The preliminary agreement will make all sides liable to pay an undisclosed break fee if they back out of the deal, the source said. The Saudi stake sale had been a prerequisite of Etisalat's 12 billion takeover of Zain. Although Etisalat withdrew its offer on Saturday, Zain will still sell its quarter-stake in Zain Saudi to joint bidders Kingdom Holding and Bahrain Telecommunications Co (Batelco), the source said.

"The preliminary contract will be signed within the end of this week or beginning of next week, because the banks (creditors) have to see if they will accept transferring the guarantees from Zain to the alliance," the source said.

Kingdom and Batelco agreed to guarantee part of Zain Saudi's debt last week. Zain Saudi's shares are up 1.4 percent, underperforming Saudi Arabia's index which is up 4.3 percent.

Etisalat blamed the deal's collapse in part on the political unrest roiling the region. It also cited the results of its due diligence process and a lack of unanimity among Zain board members as factors that made its offer "no longer viable," according to statement posted to the Abu Dhabi stock exchange Sunday. It didn't elaborate. "This is quite a disappointment for Etisalat. One of the key planks of their strategy is to try to increase their international revenues," said Matthew Reed, a Dubai-based analyst at Informa Telecoms & Media, a research firm. "If Etisalat had got Zain, that would have represented a big boost to its regional and international portfolio." Zain did not immediately comment.

Abu Dhabi-based Etisalat, known officially as the Emirates Telecommunications Corp., is the second Mideast company to cite regional unrest as a factor affecting a major business decision in recent days.

Kuwait's struggling Wataniya Airways last week stopped operating because of financial problems and what it called a "difficult political and security situation in the region."

Popular uprisings across the Arab world this year have toppled long-ruling regimes in Egypt and Tunisia, and sparked foreign military interventions in Libya and Bahrain.

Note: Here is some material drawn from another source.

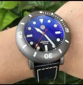 Este espejo cuenta con un cristal de zafiro y un anillo cronógrafo de buceo. LaTitaniumLa carcasa está equipada con un movimiento mecánico automático sw200 suizo. De cuero CorreaHebilla de ajuste fino de buceo de gama alta,Muy cómodo, 2000 metros de profundidad a prueba de agua, para garantizar una natación y buceo normal, C3 es una característica verde superbrillante, cubierta con submarinos retro, muy interesante. Correa de cuero, muy cómoda.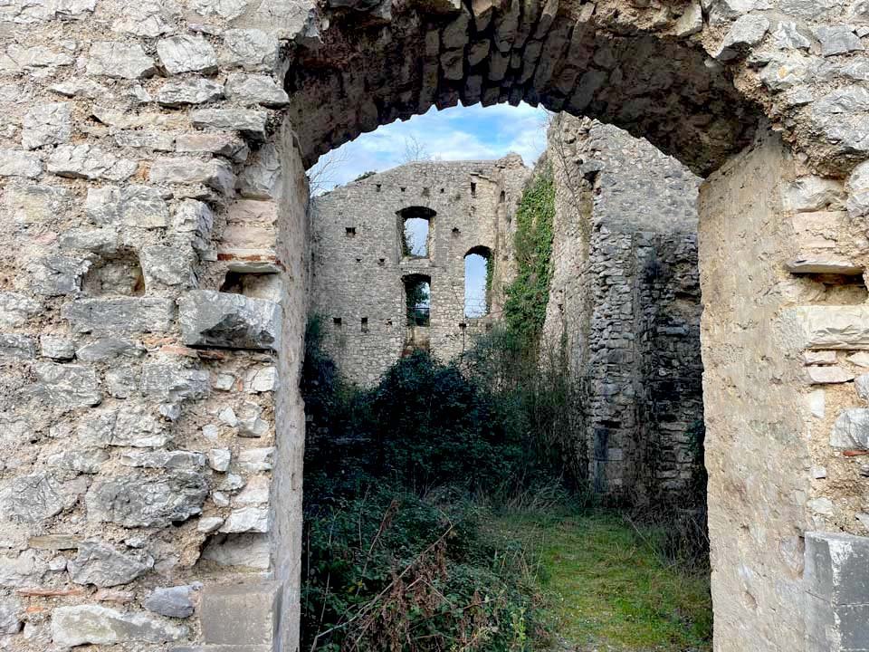 Alcune zone interne sono chiuse e interdette al passaggio, mentre sul retro della struttura è presente un ambiente riparato e accessibile che permette di affacciarsi direttamente sul lago, in direzione di Labro. Da qui si apre una vista spettacolare che ripaga la salita e regala un momento di quiete e contemplazione.

Etisalat first announced its bid to acquire 46 percent of Zain in September.
In November, it signed a preliminary agreement with a major Zain shareholder, the Al-Khair National Stocks and Real Estate Co, to begin the due diligence process of going through Zain's books. It said at the time its offer was binding but subject to certain conditions.

Al-Khair is owned by the Kharafi Group, a Kuwait-based family conglomerate that had been leading the effort on Zain's side to complete the deal. It holds the largest Zain stake outside the government.

The Kuwait Investment Authority, the country's sovereign wealth fund, owns 24.6 percent of Zain. Zain is officially known as the Mobile Telecommunications Co.